Why the number persists (and why it’s not entirely wrong)
The 70% claim has no empirical foundation. The people who created it have either disowned it or provided no evidence. So why does it keep showing up?
Part of it is commercial. Every consulting firm that cites the number then offers their methodology as the solution. As Dr. Jen Frahm of the Agile Change Leadership Institute puts it, the statistic “is only ever used to sell the importance of change management or to get people’s attention in an article.”
But there’s a deeper reason: it resonates with experience. Anyone who has lived through a large-scale organizational transformation knows that most of them feel like they’re failing, most of the time. The middle of a transformation, what Jeanie Duck calls the “determination” phase, is exhausting, ambiguous, and full of doubt. The 70% stat gives language to that feeling.

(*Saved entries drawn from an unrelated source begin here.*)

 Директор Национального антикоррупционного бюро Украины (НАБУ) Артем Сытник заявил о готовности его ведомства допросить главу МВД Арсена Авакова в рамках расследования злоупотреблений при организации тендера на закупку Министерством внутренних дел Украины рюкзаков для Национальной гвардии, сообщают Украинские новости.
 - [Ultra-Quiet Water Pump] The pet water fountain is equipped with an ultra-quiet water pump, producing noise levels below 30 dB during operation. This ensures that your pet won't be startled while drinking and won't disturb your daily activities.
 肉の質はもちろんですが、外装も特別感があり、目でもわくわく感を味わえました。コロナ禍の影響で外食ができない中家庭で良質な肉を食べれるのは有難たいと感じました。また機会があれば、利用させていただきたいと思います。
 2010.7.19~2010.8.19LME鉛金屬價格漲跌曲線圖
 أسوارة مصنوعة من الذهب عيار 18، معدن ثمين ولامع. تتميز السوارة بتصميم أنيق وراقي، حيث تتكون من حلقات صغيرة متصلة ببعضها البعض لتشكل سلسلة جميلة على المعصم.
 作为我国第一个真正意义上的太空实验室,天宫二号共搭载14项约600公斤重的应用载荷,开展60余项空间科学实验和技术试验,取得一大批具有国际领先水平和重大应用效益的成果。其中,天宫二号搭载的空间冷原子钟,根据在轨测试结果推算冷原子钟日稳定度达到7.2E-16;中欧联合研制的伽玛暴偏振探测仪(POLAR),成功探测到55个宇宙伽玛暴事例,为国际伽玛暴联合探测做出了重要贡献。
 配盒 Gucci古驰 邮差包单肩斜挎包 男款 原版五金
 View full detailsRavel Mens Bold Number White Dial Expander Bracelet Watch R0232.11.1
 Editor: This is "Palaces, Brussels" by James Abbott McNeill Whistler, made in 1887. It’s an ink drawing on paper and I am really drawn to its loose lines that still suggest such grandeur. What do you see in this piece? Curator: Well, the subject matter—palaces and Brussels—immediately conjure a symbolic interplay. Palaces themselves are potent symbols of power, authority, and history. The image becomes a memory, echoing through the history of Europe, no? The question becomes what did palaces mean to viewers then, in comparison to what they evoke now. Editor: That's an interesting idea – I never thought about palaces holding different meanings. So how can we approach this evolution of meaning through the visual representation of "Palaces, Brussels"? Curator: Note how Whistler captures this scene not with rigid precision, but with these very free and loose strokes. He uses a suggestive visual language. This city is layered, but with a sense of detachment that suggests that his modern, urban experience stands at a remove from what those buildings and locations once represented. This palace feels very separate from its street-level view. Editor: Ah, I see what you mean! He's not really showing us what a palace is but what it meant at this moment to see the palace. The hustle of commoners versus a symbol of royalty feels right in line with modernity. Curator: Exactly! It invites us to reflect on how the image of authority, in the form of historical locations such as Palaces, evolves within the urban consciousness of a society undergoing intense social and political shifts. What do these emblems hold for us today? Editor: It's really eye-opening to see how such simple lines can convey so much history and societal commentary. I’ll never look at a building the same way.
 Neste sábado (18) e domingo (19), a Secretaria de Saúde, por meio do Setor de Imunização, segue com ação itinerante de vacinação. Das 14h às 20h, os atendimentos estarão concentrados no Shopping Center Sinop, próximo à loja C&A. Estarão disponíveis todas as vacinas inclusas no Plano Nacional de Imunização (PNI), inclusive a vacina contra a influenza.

The real data, when you look at it carefully, tells a more useful story than the made-up stat. The McKinsey and BCG research doesn’t just confirm that change is hard. It identifies why it’s hard and what differentiates the companies that succeed: comprehensiveness in execution, ambition in target-setting, leadership commitment that extends through middle management, talent deployed to the highest-value initiatives, and face-to-face communication rather than email memos. These are things you can act on. A blanket failure rate is not.
A better frame
The honest answer to “do 70% of change initiatives fail?” is: the number was made up, but change is genuinely hard, and somewhere between half and two-thirds of transformations produce disappointing results by most definitions of success.
The more useful question is what separates the ones that succeed. The research from McKinsey, BCG, and Prosci converges on a consistent answer: the companies that succeed do more, not less. They commit more completely, set more ambitious targets, involve more of the organization, and sustain the effort longer than feels comfortable. The ones that fail usually cut corners, declare victory too early, or assume the strategy deck is the hard part and execution will take care of itself.